● **Problem statement**
What you should repeat is the run of lines from the top of the listing below through the line with "Bright and fun", exactly, with no pictures.

++++ Material provided ++++

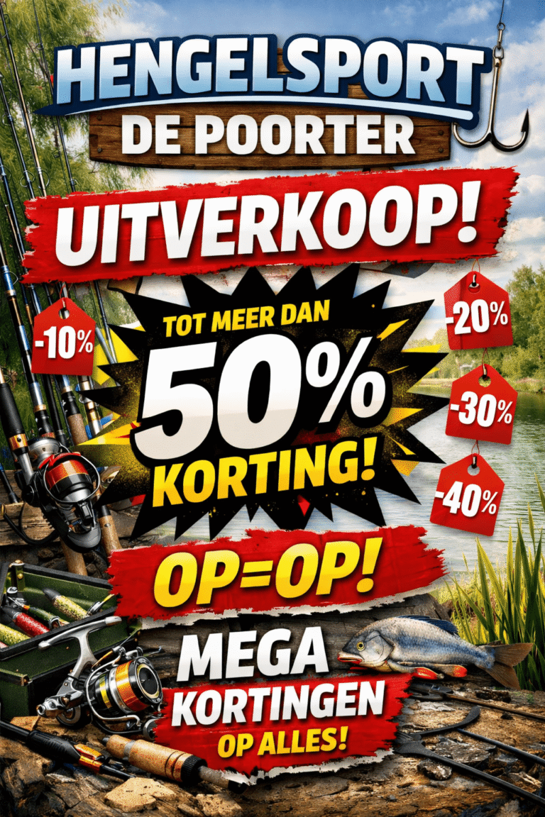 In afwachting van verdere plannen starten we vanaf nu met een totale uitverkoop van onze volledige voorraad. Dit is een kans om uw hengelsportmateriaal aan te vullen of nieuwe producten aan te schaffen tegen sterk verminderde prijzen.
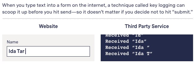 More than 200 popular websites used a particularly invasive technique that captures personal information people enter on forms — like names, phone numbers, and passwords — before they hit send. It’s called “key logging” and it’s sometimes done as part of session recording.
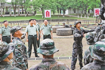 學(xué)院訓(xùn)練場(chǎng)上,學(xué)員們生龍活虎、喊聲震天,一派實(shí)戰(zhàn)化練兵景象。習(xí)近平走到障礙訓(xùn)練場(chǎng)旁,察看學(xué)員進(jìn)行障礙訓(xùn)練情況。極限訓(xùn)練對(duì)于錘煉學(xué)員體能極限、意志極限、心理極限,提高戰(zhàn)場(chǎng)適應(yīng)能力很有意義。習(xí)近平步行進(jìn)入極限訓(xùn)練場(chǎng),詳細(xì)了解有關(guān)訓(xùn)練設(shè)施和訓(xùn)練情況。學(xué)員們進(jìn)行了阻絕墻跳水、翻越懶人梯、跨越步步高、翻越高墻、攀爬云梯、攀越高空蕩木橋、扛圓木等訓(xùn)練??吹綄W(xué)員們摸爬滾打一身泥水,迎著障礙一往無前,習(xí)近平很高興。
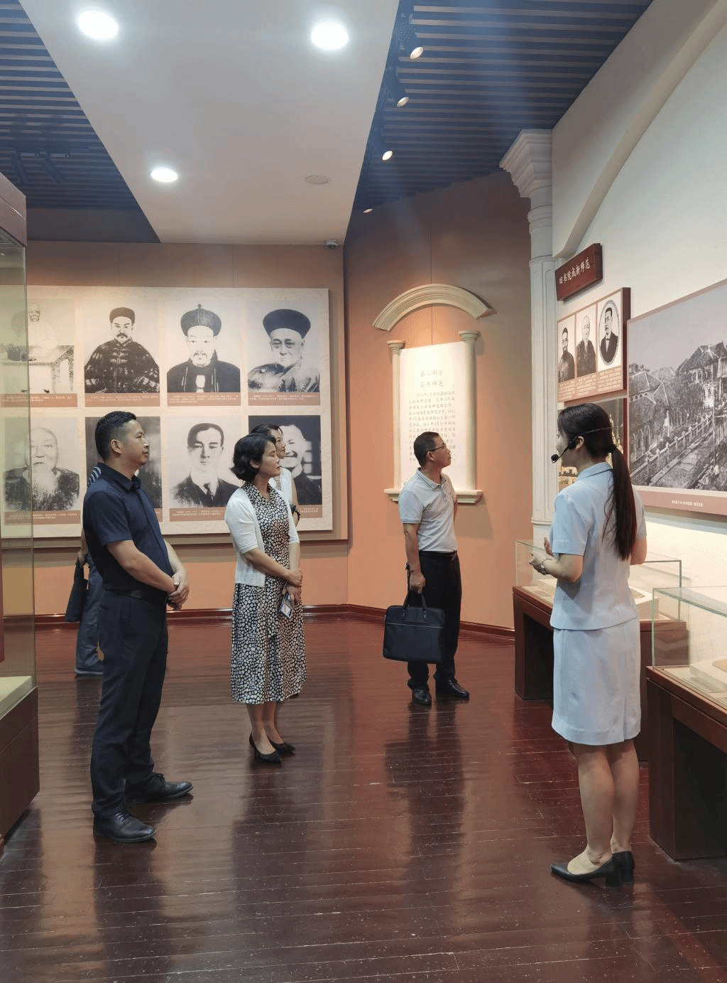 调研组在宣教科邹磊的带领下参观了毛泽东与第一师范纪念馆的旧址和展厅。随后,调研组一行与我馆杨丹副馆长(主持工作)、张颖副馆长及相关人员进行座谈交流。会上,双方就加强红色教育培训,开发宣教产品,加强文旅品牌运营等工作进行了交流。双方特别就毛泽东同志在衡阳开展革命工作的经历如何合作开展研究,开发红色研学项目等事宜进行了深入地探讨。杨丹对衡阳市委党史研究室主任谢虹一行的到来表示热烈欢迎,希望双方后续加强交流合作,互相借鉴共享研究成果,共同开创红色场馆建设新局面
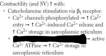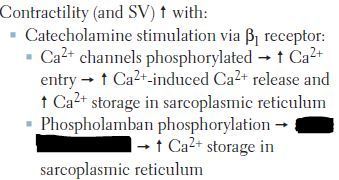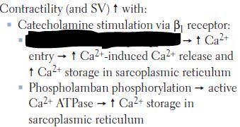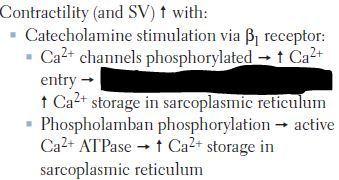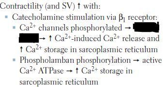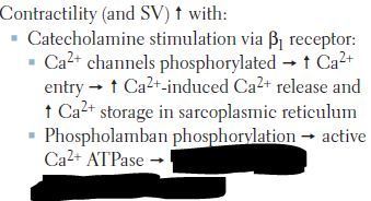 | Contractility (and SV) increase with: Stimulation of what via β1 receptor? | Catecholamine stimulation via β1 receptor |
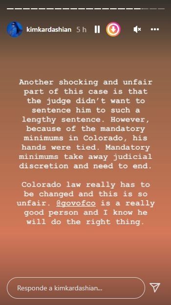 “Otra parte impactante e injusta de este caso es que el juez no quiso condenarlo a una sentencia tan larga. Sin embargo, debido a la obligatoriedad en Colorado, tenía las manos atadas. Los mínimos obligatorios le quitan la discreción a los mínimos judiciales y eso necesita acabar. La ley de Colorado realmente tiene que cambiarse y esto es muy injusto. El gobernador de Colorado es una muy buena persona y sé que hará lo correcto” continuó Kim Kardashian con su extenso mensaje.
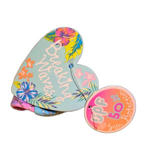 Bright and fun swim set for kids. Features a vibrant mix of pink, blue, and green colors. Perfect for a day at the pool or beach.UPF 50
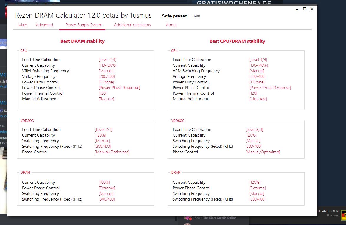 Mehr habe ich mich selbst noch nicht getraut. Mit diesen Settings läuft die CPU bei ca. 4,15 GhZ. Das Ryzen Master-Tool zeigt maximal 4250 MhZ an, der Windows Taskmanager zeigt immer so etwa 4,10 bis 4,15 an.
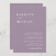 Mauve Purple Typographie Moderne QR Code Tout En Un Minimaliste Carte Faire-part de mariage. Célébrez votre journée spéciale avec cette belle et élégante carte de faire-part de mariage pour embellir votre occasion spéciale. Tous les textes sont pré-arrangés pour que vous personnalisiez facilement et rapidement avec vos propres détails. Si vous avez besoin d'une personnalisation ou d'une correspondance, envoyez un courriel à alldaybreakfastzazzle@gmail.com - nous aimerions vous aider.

++++

● **Written answer**
 In afwachting van verdere plannen starten we vanaf nu met een totale uitverkoop van onze volledige voorraad. Dit is een kans om uw hengelsportmateriaal aan te vullen of nieuwe producten aan te schaffen tegen sterk verminderde prijzen.
 More than 200 popular websites used a particularly invasive technique that captures personal information people enter on forms — like names, phone numbers, and passwords — before they hit send. It’s called “key logging” and it’s sometimes done as part of session recording.
 學(xué)院訓(xùn)練場(chǎng)上,學(xué)員們生龍活虎、喊聲震天,一派實(shí)戰(zhàn)化練兵景象。習(xí)近平走到障礙訓(xùn)練場(chǎng)旁,察看學(xué)員進(jìn)行障礙訓(xùn)練情況。極限訓(xùn)練對(duì)于錘煉學(xué)員體能極限、意志極限、心理極限,提高戰(zhàn)場(chǎng)適應(yīng)能力很有意義。習(xí)近平步行進(jìn)入極限訓(xùn)練場(chǎng),詳細(xì)了解有關(guān)訓(xùn)練設(shè)施和訓(xùn)練情況。學(xué)員們進(jìn)行了阻絕墻跳水、翻越懶人梯、跨越步步高、翻越高墻、攀爬云梯、攀越高空蕩木橋、扛圓木等訓(xùn)練??吹綄W(xué)員們摸爬滾打一身泥水,迎著障礙一往無前,習(xí)近平很高興。
 调研组在宣教科邹磊的带领下参观了毛泽东与第一师范纪念馆的旧址和展厅。随后,调研组一行与我馆杨丹副馆长(主持工作)、张颖副馆长及相关人员进行座谈交流。会上,双方就加强红色教育培训,开发宣教产品,加强文旅品牌运营等工作进行了交流。双方特别就毛泽东同志在衡阳开展革命工作的经历如何合作开展研究,开发红色研学项目等事宜进行了深入地探讨。杨丹对衡阳市委党史研究室主任谢虹一行的到来表示热烈欢迎,希望双方后续加强交流合作,互相借鉴共享研究成果,共同开创红色场馆建设新局面
 | Contractility (and SV) increase with: Stimulation of what via β1 receptor? | Catecholamine stimulation via β1 receptor |
 “Otra parte impactante e injusta de este caso es que el juez no quiso condenarlo a una sentencia tan larga. Sin embargo, debido a la obligatoriedad en Colorado, tenía las manos atadas. Los mínimos obligatorios le quitan la discreción a los mínimos judiciales y eso necesita acabar. La ley de Colorado realmente tiene que cambiarse y esto es muy injusto. El gobernador de Colorado es una muy buena persona y sé que hará lo correcto” continuó Kim Kardashian con su extenso mensaje.
 Bright and fun swim set for kids. Features a vibrant mix of pink, blue, and green colors. Perfect for a day at the pool or beach.UPF 50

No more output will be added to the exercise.